2.3. ECMWF ERA-Interim Reanalysis Data

In this paper, the ERA-Interim reanalysis dataset was utilized. The data is provided by the European Centre for Medium-Range Weather Forecasts (ECMWF) via its internet portal and it will be shown below how the meteorological fields retrieved are used in this work to estimate the vertical velocity, denoted by $w$ (in m s⁻¹).

ERA-Interim is a global atmospheric reanalysis from 1979, continuously updated in real time. The ERA-Interim atmospheric model and reanalysis system uses cycle 31r2 of ECMWF’s Integrated Forecast System (IFS) [27]. The ERA-Interim reanalysis is described by Dee et al. (2011).

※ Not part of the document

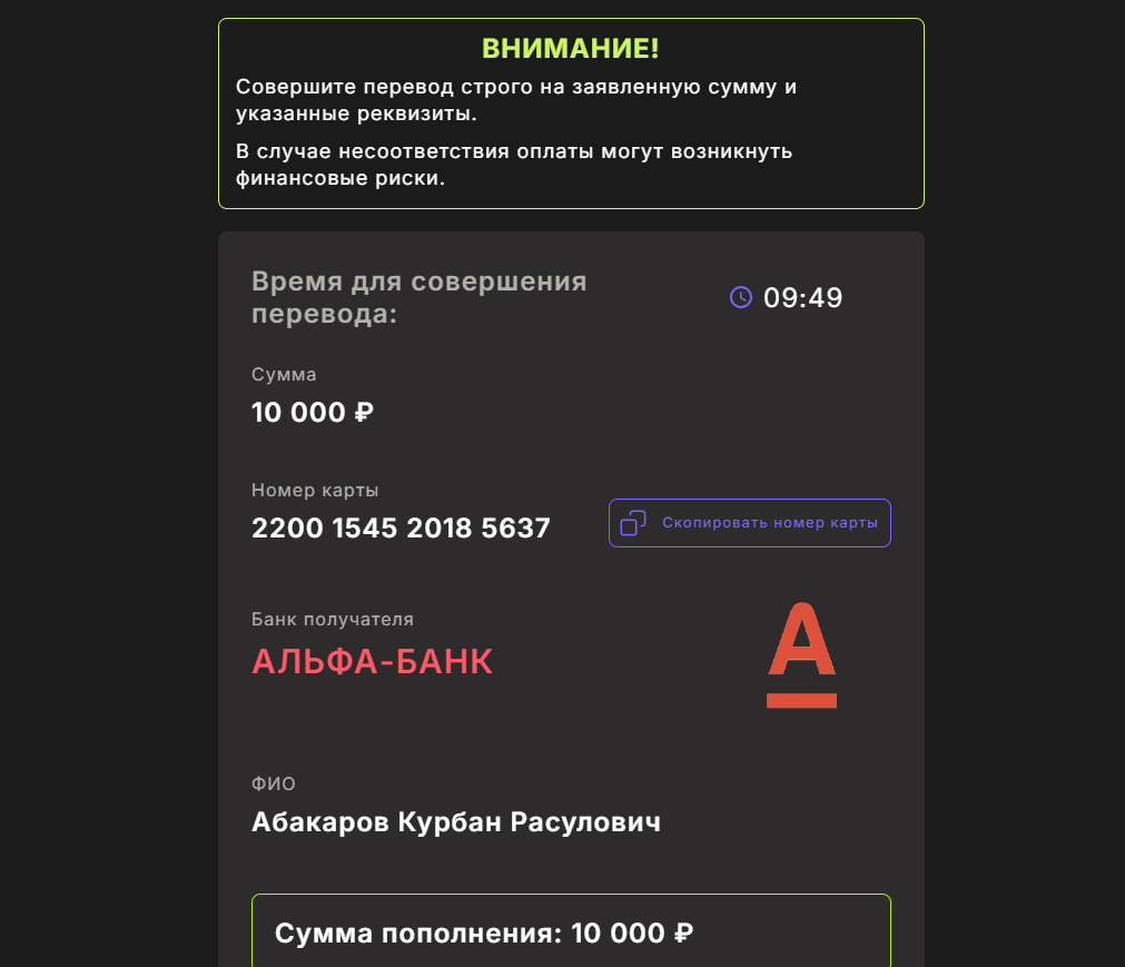 Минимальная сумма инвестиции 1000 рублей. Получается, что мы дарим неизвестному лицу, в данном случае Абакарову Курбану, 10 000 рублей. Доказать, что перевод был инвестицией будет невозможно, так как назначение платежа не указано.

The ERA-Interim analyses produced and distributed by ECMWF, refer to an atmospheric model based on a hybrid vertical coordinate system [27,28]. Such a hybrid system consists of a terrain following coordinate σ = p/p_s near the surface (where, p is pressure and p_s is the surface pressure), but with a gradual transition to a pressure coordinate with height. In addition, archived ERA-Interim products comprise reanalysis fields from the atmospheric model evaluated on standard pressure levels; this latter form of data have been retrieved from ECMWF’s portal and are subsequently utilized in the present work.

The retrieved data refer to the finest grid available for the ERA-Interim, namely 0.125° × 0.125° (which over Cyprus corresponds to a grid with approximate distances along latitude and longitude of 13.9 km and 11.4 km, respectively). The data cover the area from 30 to 40° N and from 30 to 40° E. In the vertical, data for the 23 standard pressure levels in the range from 1000 to 200 hPa.

For the needs of the study here, a 1° × 1° sub-area centered at the disdrometer site at Athalassa has been considered, as shown in Figure 1. This area is bounded by meridians 33.0° E and 34.0° E and by latitude circles 34.6° N and 35.6° N. Because of the 0.125° × 0.125° ECMWF grid spacing, the sub-area that is extracted from the dataset needs to be no smaller than about 0.2° × 0.2°, otherwise the number of data points becomes too sparse for most calculations. With a 0.2° × 0.2° region, at least one data grid point will exist for every 1000 m increment above the surface.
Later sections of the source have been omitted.